▸ TASK MATERIAL
● ● ● ● ●

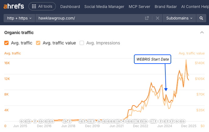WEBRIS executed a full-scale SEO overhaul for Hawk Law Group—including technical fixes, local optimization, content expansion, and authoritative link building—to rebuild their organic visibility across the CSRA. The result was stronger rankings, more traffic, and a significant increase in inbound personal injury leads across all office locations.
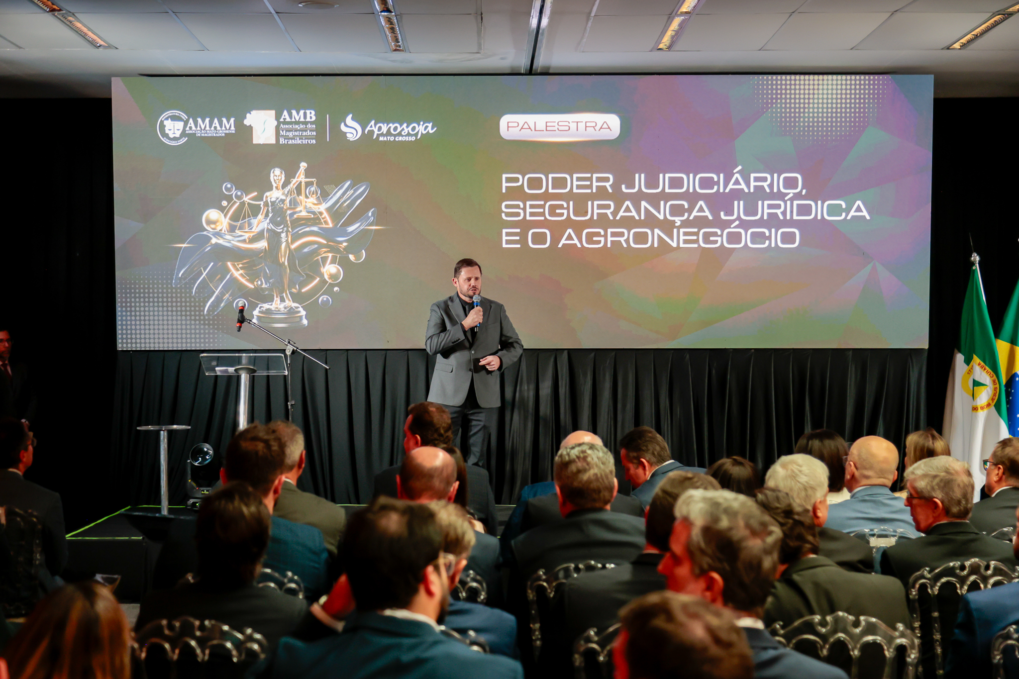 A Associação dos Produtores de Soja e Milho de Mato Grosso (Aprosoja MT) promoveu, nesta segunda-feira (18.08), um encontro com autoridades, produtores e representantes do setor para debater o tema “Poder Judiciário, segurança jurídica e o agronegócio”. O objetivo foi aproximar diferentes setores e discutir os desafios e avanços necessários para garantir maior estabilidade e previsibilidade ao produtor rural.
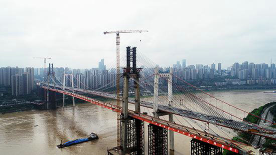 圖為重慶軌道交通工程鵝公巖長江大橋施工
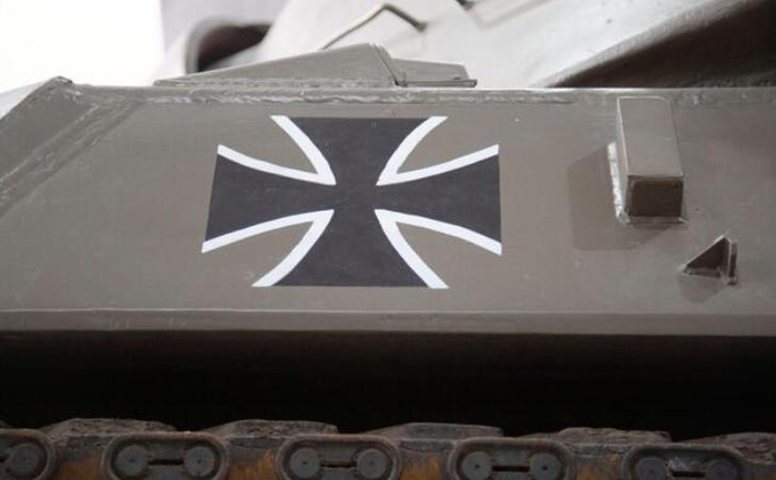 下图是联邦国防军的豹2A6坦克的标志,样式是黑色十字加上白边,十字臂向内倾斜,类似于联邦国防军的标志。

● ● ● ● ●

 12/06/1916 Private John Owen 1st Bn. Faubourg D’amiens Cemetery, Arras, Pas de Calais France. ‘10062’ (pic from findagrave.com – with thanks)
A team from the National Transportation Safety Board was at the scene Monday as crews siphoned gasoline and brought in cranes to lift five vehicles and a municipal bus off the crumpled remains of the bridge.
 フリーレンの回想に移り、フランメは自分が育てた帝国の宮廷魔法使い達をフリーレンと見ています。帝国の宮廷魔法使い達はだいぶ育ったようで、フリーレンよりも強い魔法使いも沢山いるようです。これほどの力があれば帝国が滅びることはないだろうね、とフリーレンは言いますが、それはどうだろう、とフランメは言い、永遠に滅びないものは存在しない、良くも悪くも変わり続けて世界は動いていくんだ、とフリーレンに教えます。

● ● ● ● ●

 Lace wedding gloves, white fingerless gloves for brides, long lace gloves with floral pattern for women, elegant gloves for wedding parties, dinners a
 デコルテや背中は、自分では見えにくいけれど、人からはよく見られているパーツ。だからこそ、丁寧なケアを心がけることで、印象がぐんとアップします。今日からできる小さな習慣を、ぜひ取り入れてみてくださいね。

● ● ● ● ●

▸ EXERCISE DIRECTIONS
Which of the lines in the data contain the string "from"? Return each one.

▸ OUTPUT BELOW
 12/06/1916 Private John Owen 1st Bn. Faubourg D’amiens Cemetery, Arras, Pas de Calais France. ‘10062’ (pic from findagrave.com – with thanks)
A team from the National Transportation Safety Board was at the scene Monday as crews siphoned gasoline and brought in cranes to lift five vehicles and a municipal bus off the crumpled remains of the bridge.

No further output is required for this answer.